Dwoje dzieci zostało rannych w następstwie zderzenia renault kangoo z autobusem, do którego doszło wczoraj ok. godz. 18.30 na skrzyżowaniu ulic Wisłoczej i Legionów w Krośnie. Według dotychczasowych ustaleń, do wypadku doprowadził 41-letni kierowca renault, który skręcając w lewo nie ustąpił pierwszeństwa autobusowi.
Mężczyzna jechał ze swoim 10-letnim synem, 42-letnim kolegą i jego synami w wieku 9 i 11 lat. To właśnie ci dwaj chłopcy ucierpieli w wypadku. Pierwszy z nich doznał stłuczenia barku, drugi kilku ran ciętych. Na szczęście obrażenia okazały się niegroźne i po udzieleniu niezbędnej pomocy w szpitalu, bracia wrócili do domu.

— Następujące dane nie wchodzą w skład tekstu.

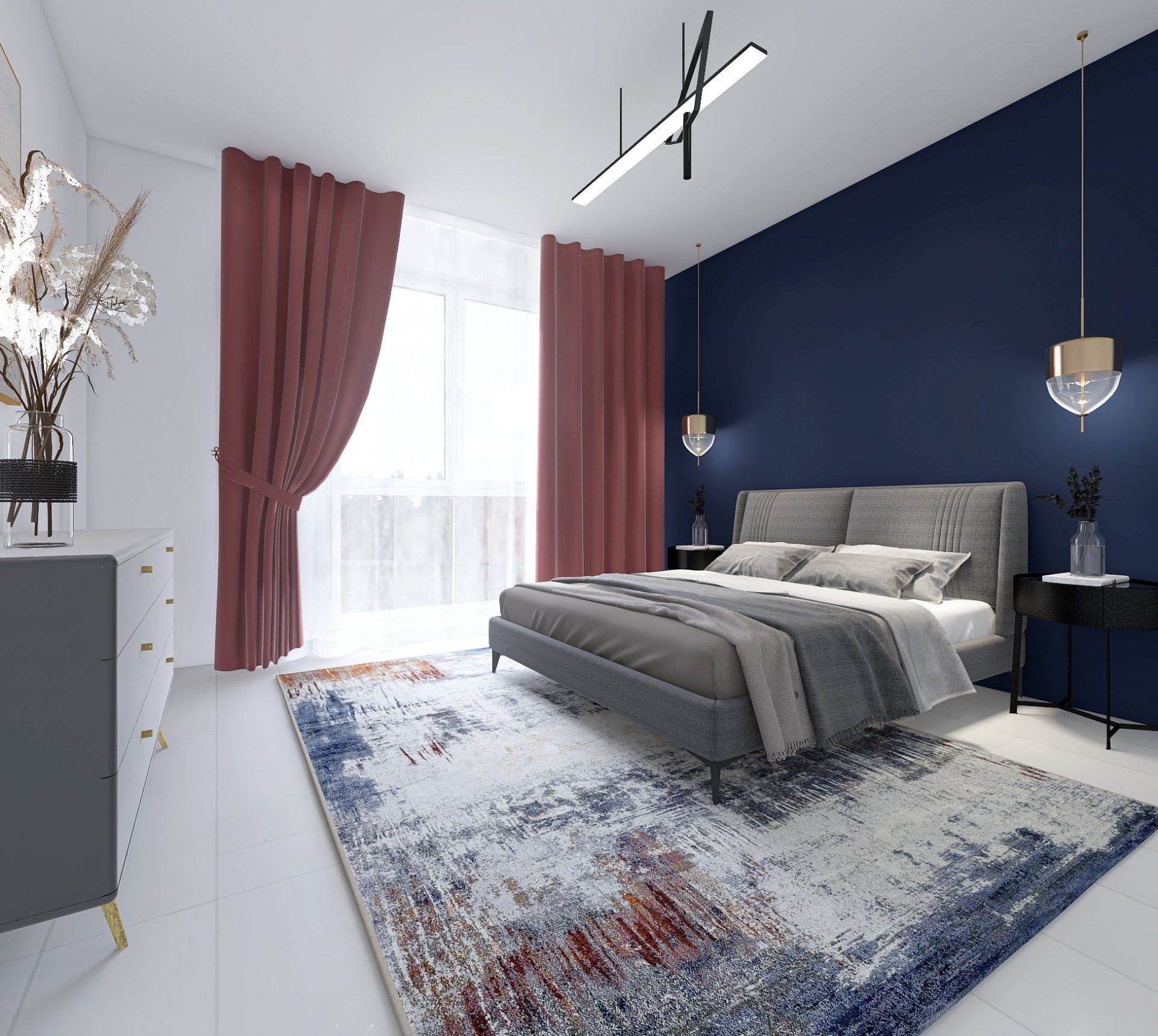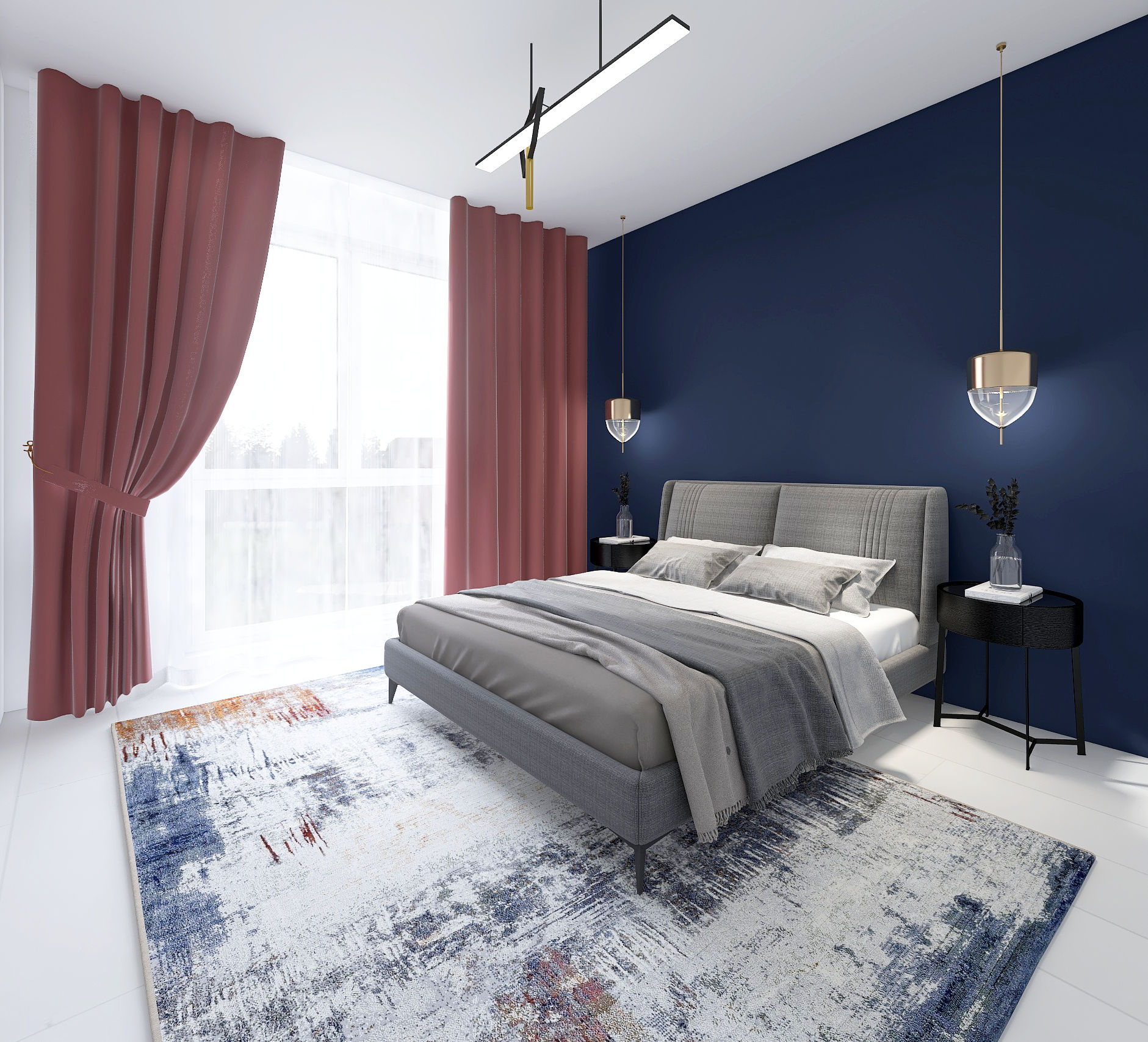 În dormitor predomină albastru că nuanță de contrast și culori derivate din gri și bordo. Pendulele așezate în lateralele patului încadrează imaginea de ansamblu, aspectul general fiind unul care îmbie la odihnă și relaxare. Toate corpurile sunt prevăzute cu picioare de susținere înalte sau sunt fixate în perete, aceasta fiind dorința clientului, astfel întregul mobilier a fost adaptat și s-au adus soluții estetice și practice.

Po sprawdzeniu stanu trzeźwości uczestników wypadku okazało się, że obaj jadący renault mężczyźni byli pijani. W organizmie kierowcy stwierdzono ok. 1,2 promila, a w organizmie ojca rannych dzieci – ponad 1,6 promila alkoholu. Kierowca autobusu był trzeźwy.
W tej sytuacji 41-latek został zatrzymany i osadzony w policyjnym areszcie. Policjanci zatrzymali również jego prawo jazdy.
Za kierowanie samochodem będąc w stanie nietrzeźwości mężczyźnie grozi kara pozbawienia wolności do lat 2 i zakaz prowadzenia pojazdów na okres od roku do lat 10. Odpowiedzialność za spowodowanie wypadku uzależniona będzie natomiast od ostatecznej oceny stanu zdrowia rannych dzieci.
Szczegóły obydwu zdarzeń wyjaśniane są w ramach prowadzonych w tych sprawach postępowań.